Once the phage genome is modified to contain the new restriction site, cloning
sites
for receiving one or more genes can be inserted into the phage vector in
accordance with this
disclosure. Preferably, the vector is engineered to be a "88" vector by
inserting at the new
restriction site a nucleotide sequence encoding at least a functional domain
of pVIII and at
least a first cloning site for receiving a gene encoding a polypeptide to be
displayed. In an
alternative embodiment, the 88 vector is engineered to cause display of a
dimeric (e.g.,
heterodimeric) species by inserting first cloning site for receiving first
gene encoding a
polypeptide to be displayed and a second cloning site for receiving a second
gene encoding a
polypeptide capable of dimerizing with the polypeptide to be displayed,
thereby resulting in
display of a dimeric polypeptide or protein.
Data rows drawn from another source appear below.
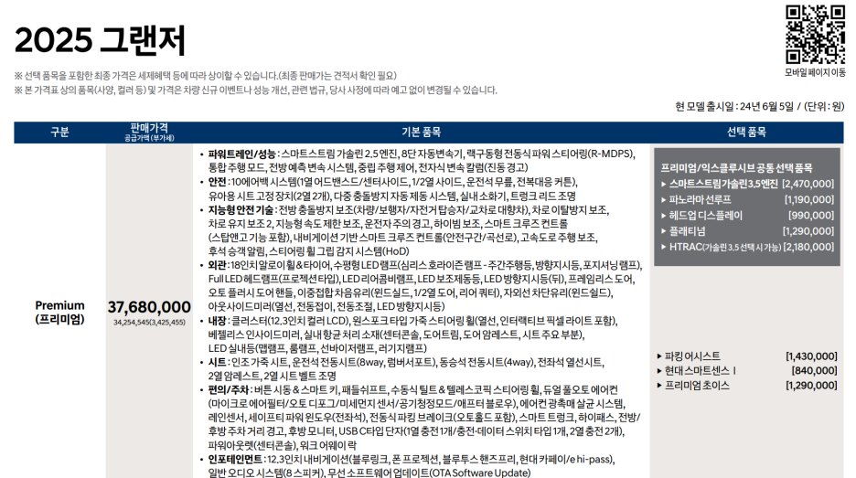 비교해 보기 전까지 저도 몰랐는데요. 통풍 시트 기능 국내 소비자가 선호하는 기능이라서 기본 트림을 구입하실 분들이라면 꼭 참고하세요!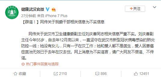 中新网1月22日电 武汉市卫健委今日在官方微博辟谣称,网传关于武汉市卫生健康委副主任刘庆香同志相关信息严重不实。刘庆香副主任今年55岁,自去年12月底以来,一直坚守在武汉市新型冠状病毒感染的肺炎防控一线。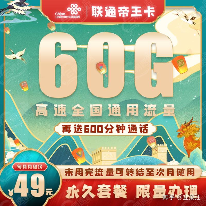 【永久】联通帝王卡永久49元60GB+600分钟+ *** 餐可转结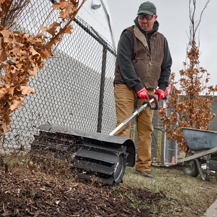 - Szczotka gumowa do zamiatania kamieni, liści, brudu, ściółki i innych zanieczyszczeń z obszarów trawiastych i innych twardych powierzchni, takich jak chodniki, ścieżki, podjazdy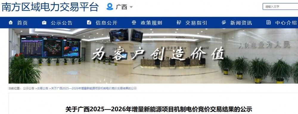 关于广西2025—2026年增量新能源项目机制电价竞价交易结果的公示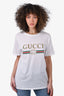 Gucci White Logo T-Shirt with Embroidered Flower Patch Size XXS

The first and second cloning
sites, if desired and
practical, can be inserted with the nucleotide sequence encoding at least a
functional domain
of pVIII as part of a single cassette referred to herein as a display
cassette.
In particularly useful embodiments, the novel vectors are engineered to
produce phage
particles that display antibodies. After creation of the novel restriction
site and insertion of
the display cassette within a phage genome, a first gene encoding an antibody
heavy chain Fd
is inserted adjacent the nucleotide sequence encoding at least a functional
domain of pVIII to
produce a pVIII fused with a heavy chain Fd. A second gene encoding an
antibody light
chain is also inserted into the vector.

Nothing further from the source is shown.